I've been a little hush-hush about what I've been up to lately so here is a little update about what will be coming up. Also news on the next Conflicted Encounters.
Last year, I started writing Jolted. I knew right away that it would be a series. It didn't take long to realize Kallie and Ryder would need two books to get their HEA. As soon as I typed Scarlett's name, I knew she needed her own book. I was so excited for the characters and their stories that I flew through Impacted and Shaken. I couldn't wait to give Caleb, Ezra and maybe even Payton their very own book too.
Then the idea for Memorized hit me and I became obsessed with Willow and Landon. I loved writing their story. I promised myself I would get back to my series as soon as I got Willow and Landon their HEA.
So I did. While dealing with edits and release madness, I started Caleb's story: Clashed.
It was hard. The words are not putting out of me like everything else I wrote before.
I know Caleb. I've been with him for three books now so I feel he has a life of his own by now. I couldn't see him falling for anyone we already know so he needed an outsider. Madison was born. This took time. Creating a whole new character to mix in with a cast was tricky. She needed to be unique in her own way. She needed to be interesting enough for Caleb to want to know more. I needed to give her life like Kallie and Scarlett have.
So for a few months, Clash was poking along. Words here and there. Then I would delete it all and start over. Nothing felt right. I was frustrated and upset. I want the fourth book more than anyone.
Then I had a dream. A nightmare actually. When I woke up, I felt like I needed to write it down because it felt so real and my imagination was working harder than it had in months. I felt truly inspired like I had with my previous books. I glued to my laptop for eight hours that day. I sat on my back deck with the dogs and filled in the blanks of the nightmare. I finally had a story!
Sadly, it's not for Caleb and Madison. This is too dark and dangerous for them. This is a new world completely.

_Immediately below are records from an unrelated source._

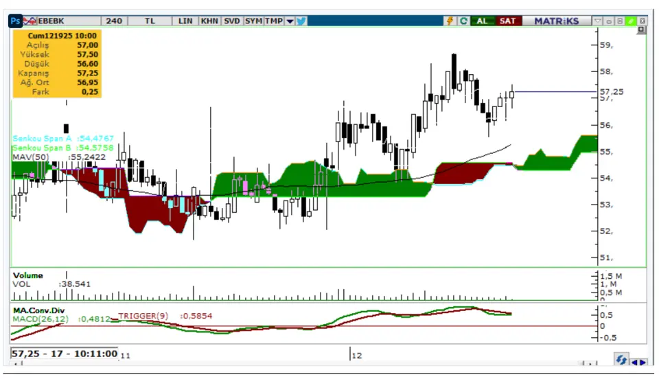 nedeniyle EBEBK hissesinde 57,95TL ve daha sonra 58,65TL seviyelerine doğru yükseliş kaydedilebilir.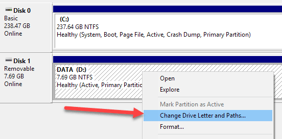 Para asignar o cambiar una letra de unidad para una unidad o partición, simplemente haga clic derecho sobre ella y seleccione Cambiar la letra de la unidad y las rutas(Cambiar la letra de la unidad y las rutas) .
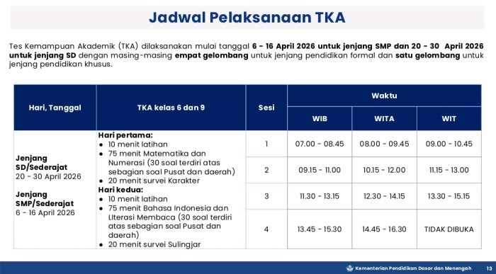Pertemuan tersebut fokus pada sosialisasi teknis pelaksanaan TKA yang bertujuan untuk memetakan capaian standar kompetensi lulusan secara nasional. Beberapa poin krusial yang dibahas meliputi sistem pelaksanaan yang mencangkup teknis ujian daring yang akan menggunakan platform resmi kementerian, Insfrastruktur digital yang merupakan kesiapan perangkat komputer dan stabilitas jaringan internet di masing-masing satuan pendidikan, serta jadwal simulasi atau rencana uji coba sistem sebelum hari pelaksanaan untuk meminimalisir kendala teknis.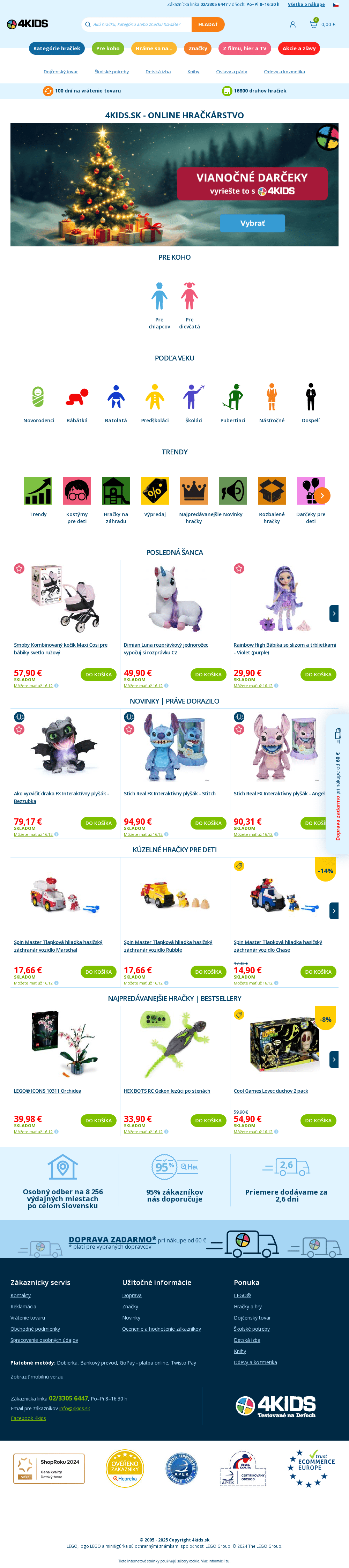 4kids.sk - Hračky a hry, dojčenský tovar. Potreby pre školu a voľný čas. Vybavenie detské uzby.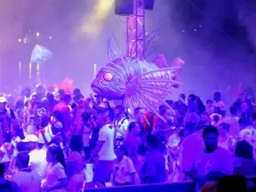 Awesome huge venue with wonderful breeze blowing through balcony, wood floors, guitars on high ceiling, and pink wave wall.
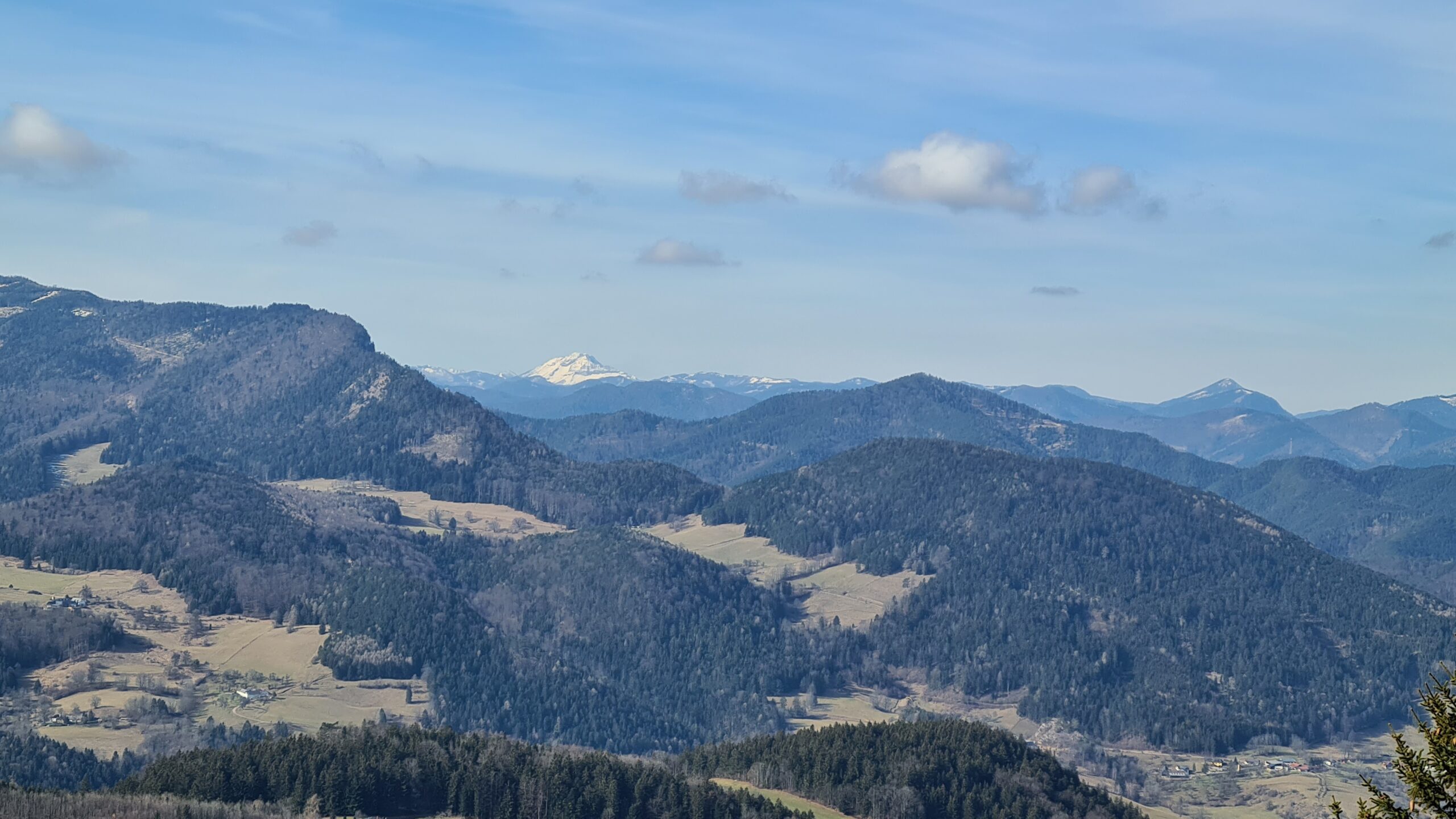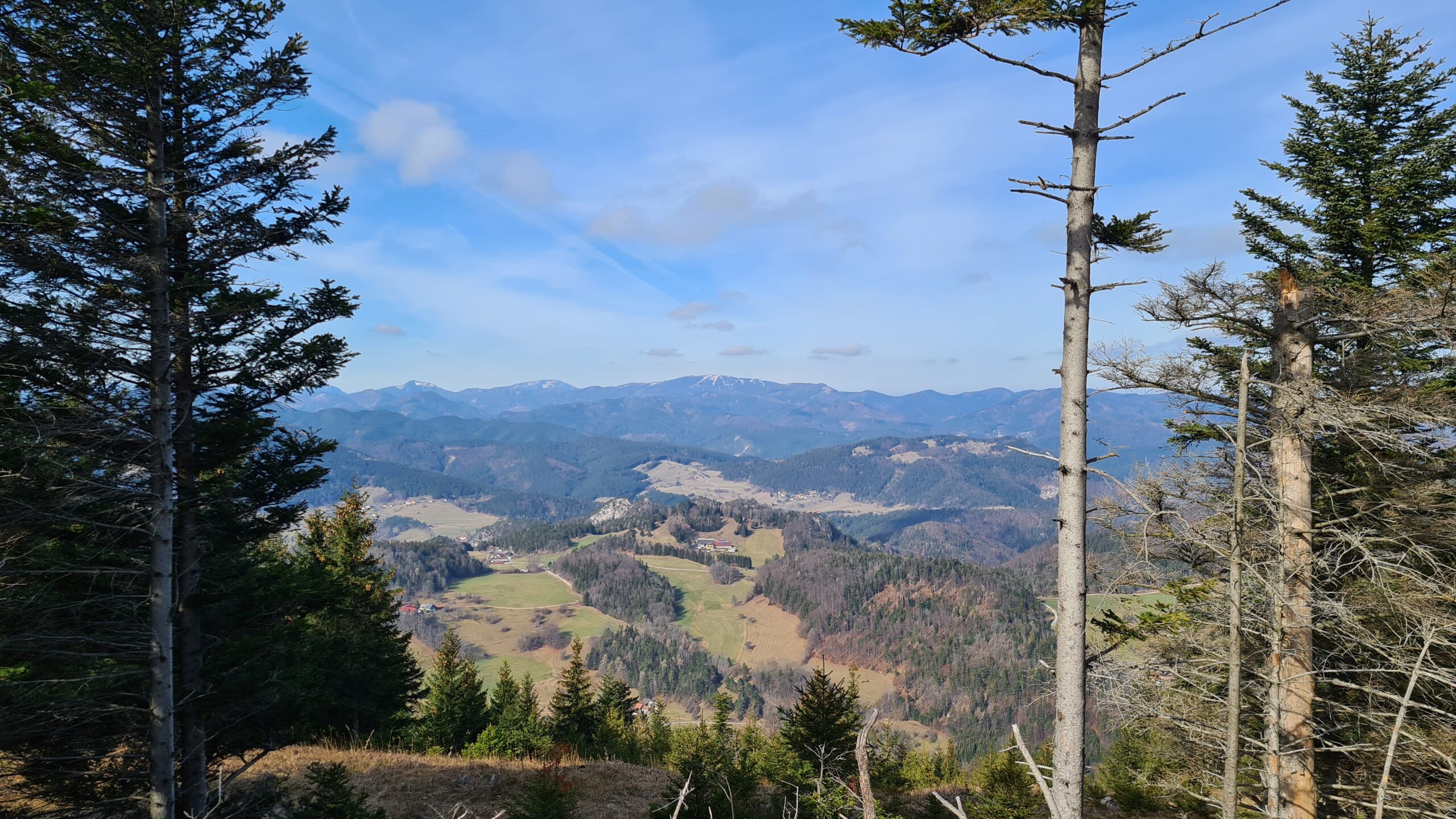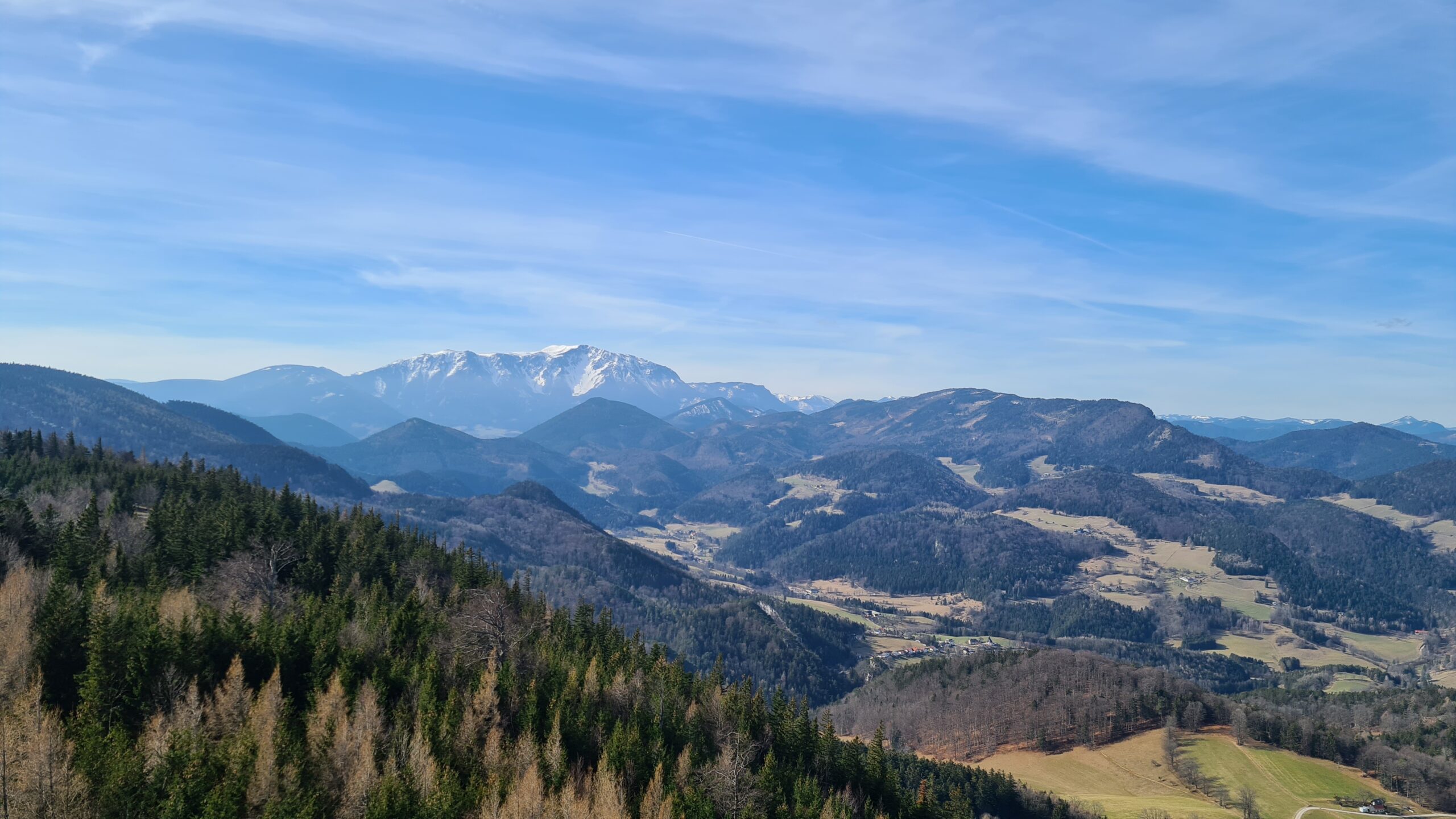 Beim zeitweilig steilen Anstieg kamen wir ordentlich ins Schwitzen, und als wir die Große Klause verließen, wärmte uns beim weiteren Weg zum Waldeggerhaus zusätzlich noch die Sonne. Unterwegs und vom Waldeggerhaus hatten wir schon erste schöne Blicke auf die Gutensteiner Alpen, den Schneeberg und den Ötscher.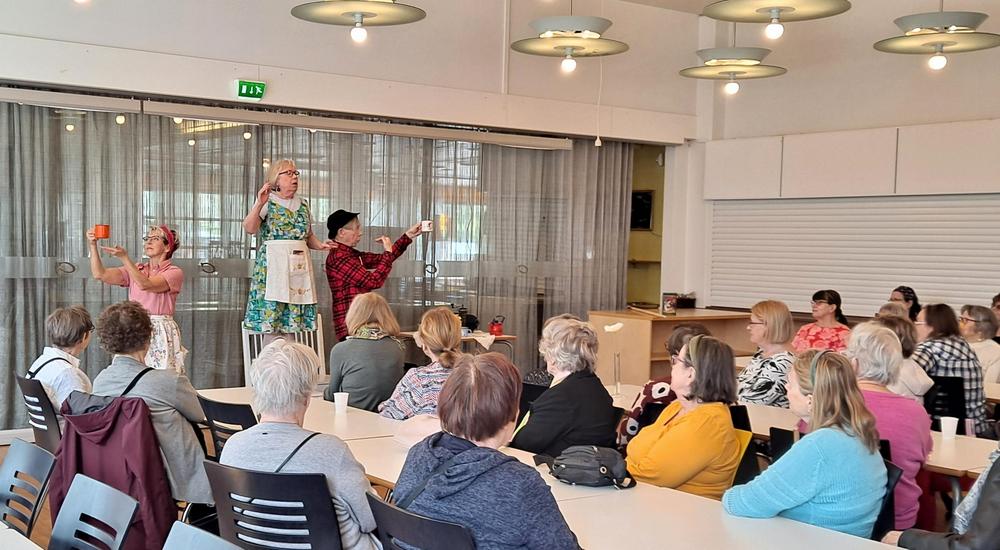Runsaslukuinen yleistö seurasi tarkkana Jpään teatterin Päiväläisten esitystä "Jauhetaan kahvia".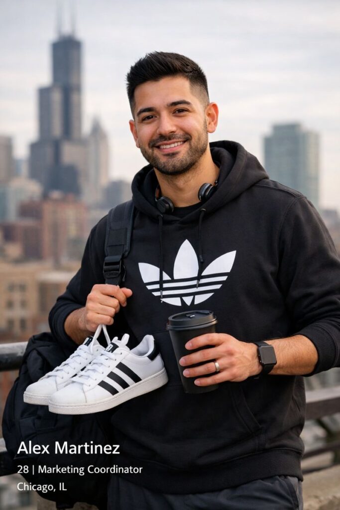 Alex Martinez is a 28-year-old marketing coordinator who lives in an urban area of Chicago, Illinois. Alex is a college graduate, earns $65,000 annually, and lives with their partner.
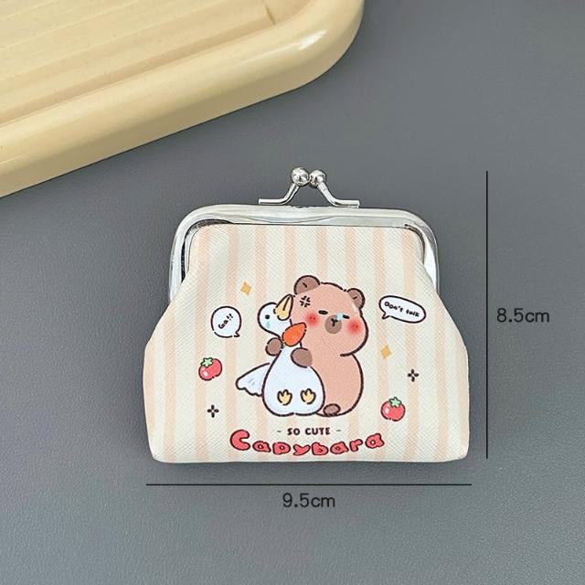 水豚零錢包 卡皮巴拉(零錢包 水豚 PU防水 零錢袋 卡通 迷你 耳機包 收納包 便攜鑰匙包 小零錢包 隨身小物收納包 塔扣)
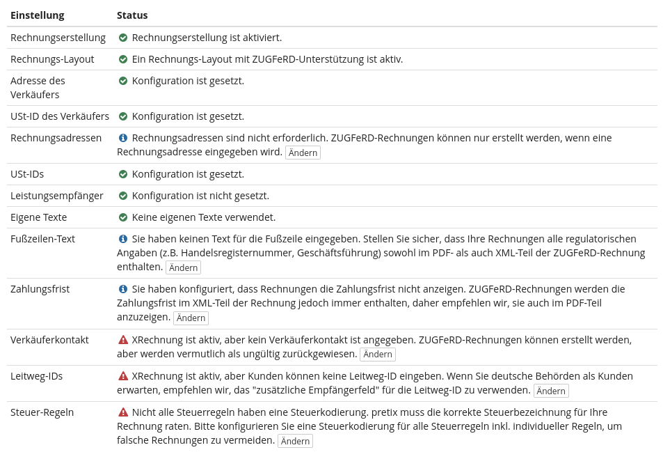 Danach können Sie in Ihrer Veranstaltung das neue Menü Einstellungen → ZUGFeRD aufrufen. Hier erhalten Sie weitere Tipps und Hinweise zur korrekten Konfiguration Ihrer Veranstaltung für die Erzeugung gültiger E-Rechnungen. Sollten noch Fehler identifiziert werden, führt das System Sie direkt zur entsprechenden Option:

Clashed is still a work in progress. Everyday I think about it and get a few ideas here and there. I played with Light to the Darkness in my head for almost a year before actually typing anything. Jolted was several months and the entire way through Jolted and Impacted, I was planning Shaken. Clashed just needs some time to marinate and grow. Forcing a bunch of crap out just to get it published won't happen. It's not fair to the readers that are waiting for it. It's not fair to the characters either. I write because I have a idea and story I want to share, because I feel like I HAVE to write. Never because I am told to or because I should. There’s a quote somewhere from someone that said something like “Write because you have to. Not because you have to write.” There’s a difference.
I have been working really hard on this new idea that was so rude and had to interrupt. It's oddly fitting and when you meet the hero, you will get it. He just came barging in and demanded to be wrote, and he scares me a little so I am. I'm very close to sharing the title and description. I even think I have a release date. It will be this fall.
Then I will return to Clashed. I have plans for Caleb still and my new character Madison. Poor kids don’t know what’s coming. I even want to write for Ezra, Peyton and anyone else I toss into the mix. The best thing about being an indie writer is that I AM THE BOSS! I spend all day being told what to do and get to come home and tell imaginary people what to do. I only answer to myself and the readers. I can write whatever I want and release whenever I want.
If you want to stay up to date, make sure you follow me on Facebook since I randomly post hints and teasers there whenever the mood strikes. If you sign up for my newsletter, you will hear first what’s happening and when. It only goes out for new releases and sales. I won’t annoy you :)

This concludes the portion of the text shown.